Salah satu kesulitan yang dihadapi dalam penggunaan hasil evaluasi bagi pengambilan keputusan adalah hasil evaluasi yang diterima oleh berbagai pihak pengambil keputusan adalah sama. Masalah yang timbul adalah apakah hasil evaluasi tersebut dapat bermanfaat bagi semua pihak. Jawabannya belum tentu, karena suatu informasi mungkin lebih bermanfaat bagi pihak tertentu tetapi kurang bermanfaat bagi pihak yang lain.[8]
Kesatuan penilaian hanya dapat dicapai melalui suatu konsensus. Konsensus tersebut berupa kerangka kerja penelitian yang dipusatkan pada tujuan-tujuan khusus, pengukuran prestasi belajar yang bersifat behavioral, analisis statistik dari prestasi tes dan post tes.
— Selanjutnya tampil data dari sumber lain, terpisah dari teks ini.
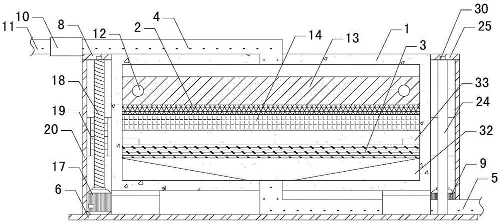 本实用新型涉及环保设备的技术领域,特别是涉及一种地埋式污水处理设备,其可方便定期对箱体内部进行清洁和维修,避免过滤下来的污物长时间堆积在过滤板上,保证过滤板的正常使用,提高使用可靠性;包括箱体、过滤板、活性炭板、输入管、输出管、底座和支架,活性炭板设置在过滤板下方,输入管和输出管分别连通设置在箱体顶端和底端上;还包括第一保护罩、第一提升件、第二保护罩、第二提升件、丝扣、进水管、驱动件、刮板和两组网板,支架包括四组支块和四组缓冲垫,第二提升件位于第二保护罩内侧,箱体右端与第二提升件连接,两组网板分别倾斜设置在过滤板前后两端上,刮板下侧面与过滤板上侧面接触,输入管和输出管均为软管。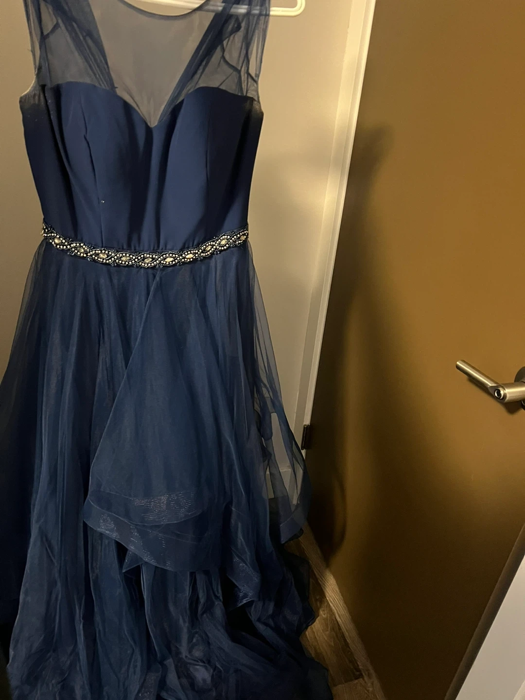 Selling a beautiful navy blue dress from Ed Young in size M. It features a lovely design with a jeweled belt detail. Perfect for a special occasion!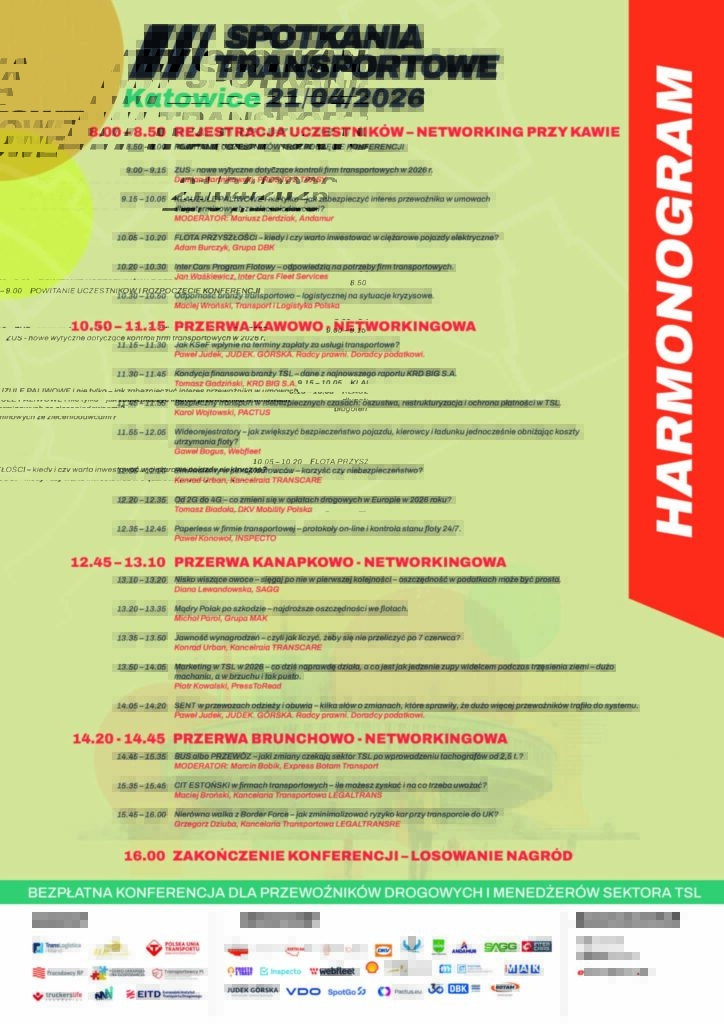 Program katowickiej edycji został zbudowany wokół tematów szczególnie istotnych dla firm transportowych w 2026 roku. W agendzie znalazły się między innymi zagadnienia dotyczące nowych wytycznych ZUS dla firm transportowych, klauzul paliwowych w umowach długoterminowych, wpływu KSeF na terminy zapłaty za usługi transportowe, kondycji finansowej branży TSL, ochrony płatności, wideorejestratorów, opłat drogowych w Europie, cyfryzacji procesów, oszczędności podatkowych, jawności wynagrodzeń, zmian w systemie SENT, tachografów dla pojazdów od 2,5 tony oraz ryzyk w transporcie do Wielkiej Brytanii.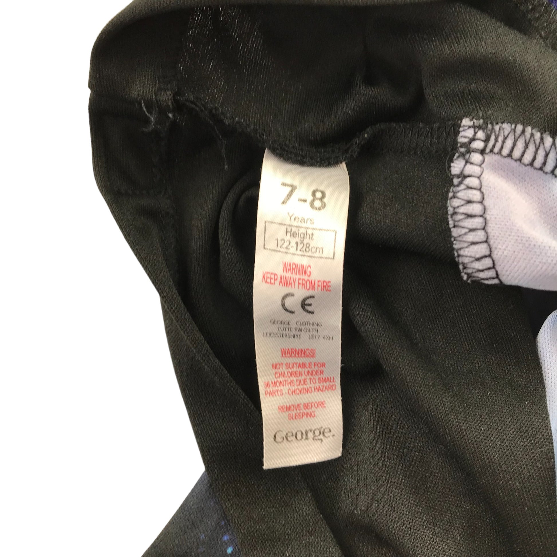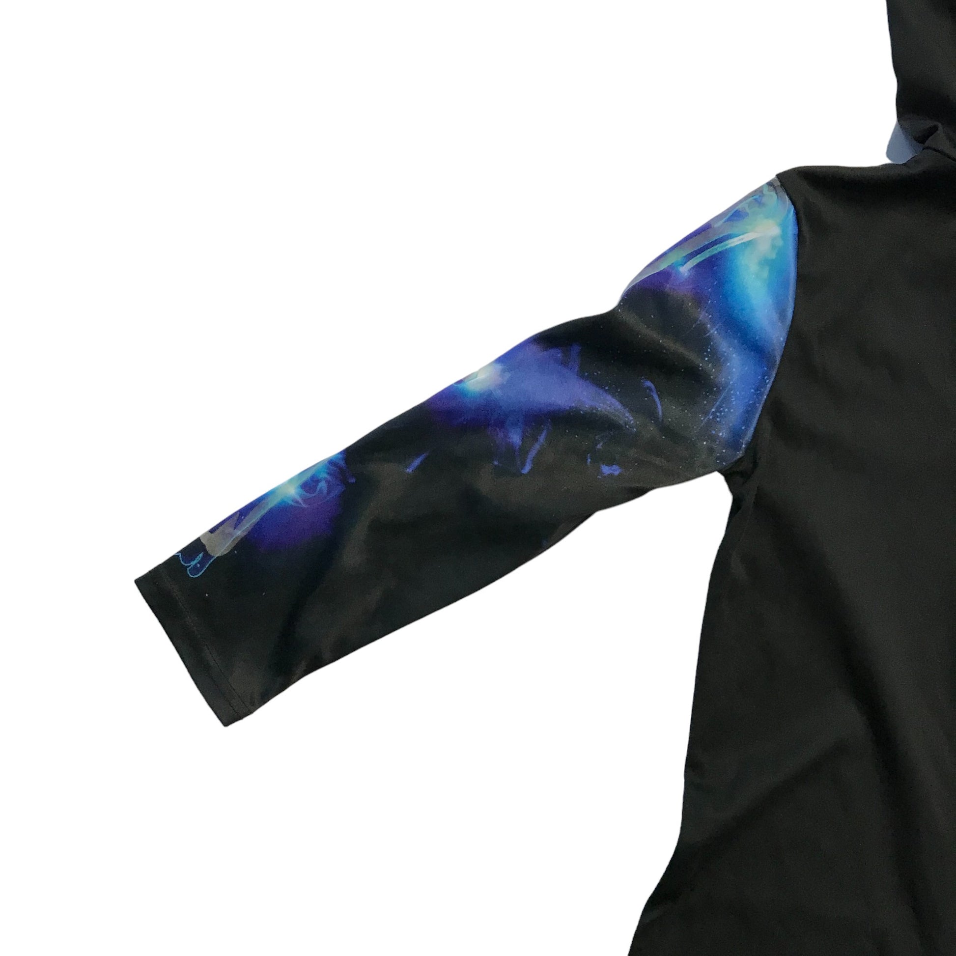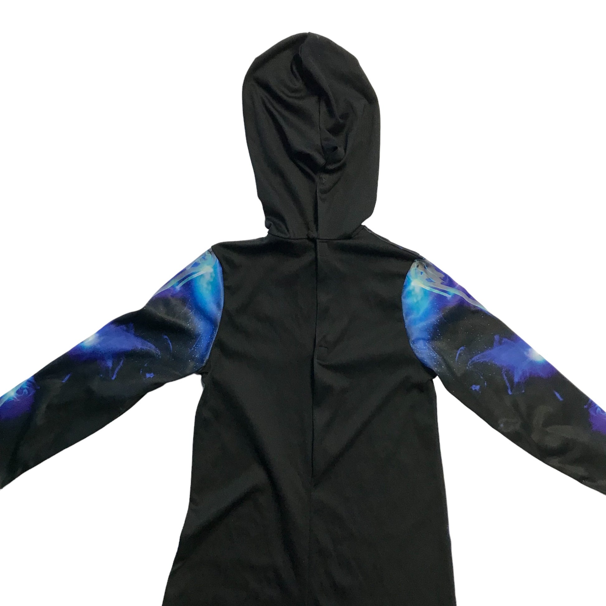 • Description: onesie with hood and loop and hoop straps back, neon blue light effect print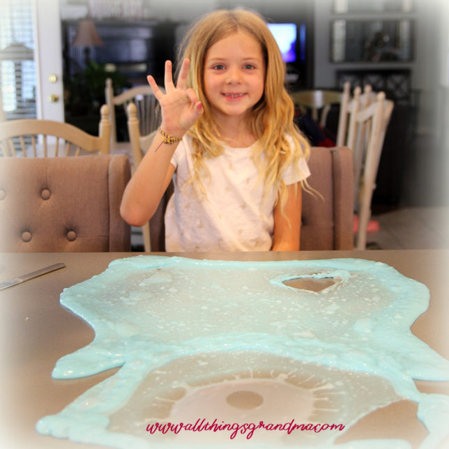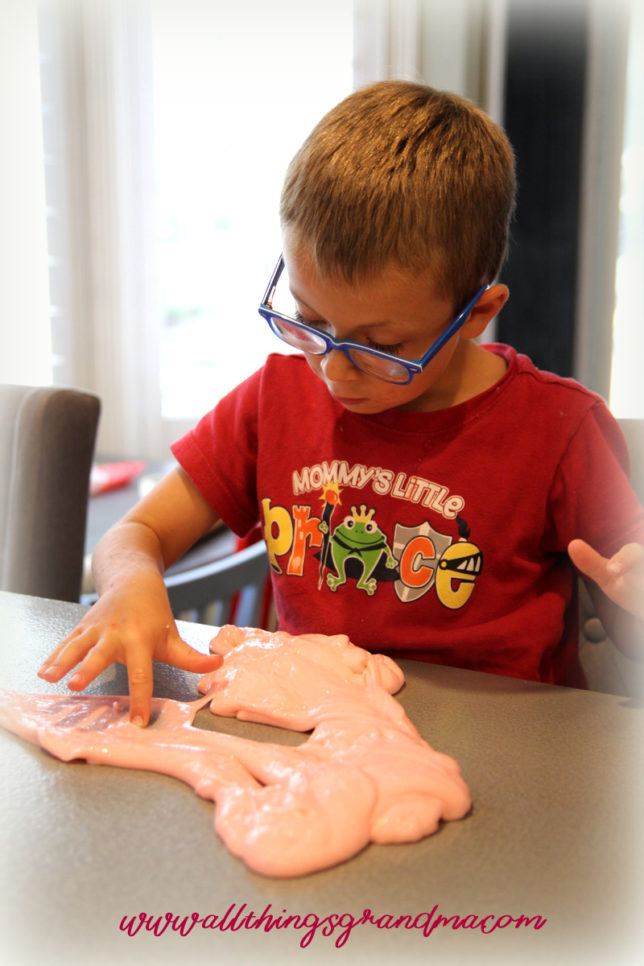 At first I had them play with their slime on cookie sheets. Soon we all realized that it was more fun to play with slime right on the counter which has a glossy finish and was perfect. The slime just slid around and picked right up anywhere there was a blob.

Secara umum, langkah-langkah pokok evaluasi pendidikan meliputi tiga kegiatan utama yaitu persiapan, pelaksanaan dan pengolahan hasil.[9]

C. Fungsi dan Kedudukan Evaluasi Kurikulum
Fungsi dan kedudukan evaluasi kurikulum dalam pendidikan berkenaan dengan tiga hal, yaitu sebagai berikut:[10]
1. Konsep sebagai moral judgement
Konsep utama dalam evaluasi adalah masalah nilai. Hasil dari suatu nilai berisi suatu nilai yang akan digunakan untuk tindakan selanjutnya. Hal ini mengandung dua pengertian yaitu:
a. Evaluasi berisi suatu skala nilai moral, berdasarkan skala tersebut suatu objek evaluasi dapat dinilai.
b. Evaluasi berisi suatu perangkat kriteria praktis yang berdasarkan kriteria-kriteria tersebut suatu hasil dapat dinilai.
2. Evaluasi dan penentuan keputusan
Beberapa hasil evaluasi menjadi bahan pertimbangan dalam menentukan keputusan. Pihak pengambil keputusan dalam pelaksanaan pendidikan dan kurikulum adalah guru, murid, orang tua, kepala sekolah, para inspektur, pengembangan kurikulum dan sebagainya.
3. Evaluasi dan konsensus nilai
Kesatuan penilaian dapat dicapai melalui suatu konsensus. Kosensus tersebut berupa kerangka kerja penelitian yang dipusatkan pada tujuan-tujuan khusus, pengukuran prestasi belajar behavioral, analisis statistik dari prestasi tes dan post tes. Ada dua kriteria dalam penilaian kurikulum:
a.       Kriteria berdasarkan tujuan yang telah ditentukan atau sering disebut kriteria patokan
b.      Kriteria berdasarkan norma-norma atau standar yang ingin dicapai sebagaimana adanya.

D. Implementasi Evaluasi Kurikulum
Kurikulum merupakan study intelektual yang cukup luas. Banyak teori tentang kurikulum. Beberapa teori menekankan pada rencana, pada inovasi, pada filosofi dan pada konsep-konsep yang diambil dari perilaku manusia. Secara sederhana teori kurikulum dapat diklasifikasikan atas teori-teori yang lebih menekankan pada evaluasi kurikulum, pada situasi pendidikan serta pada organisasi kurikulum.[11]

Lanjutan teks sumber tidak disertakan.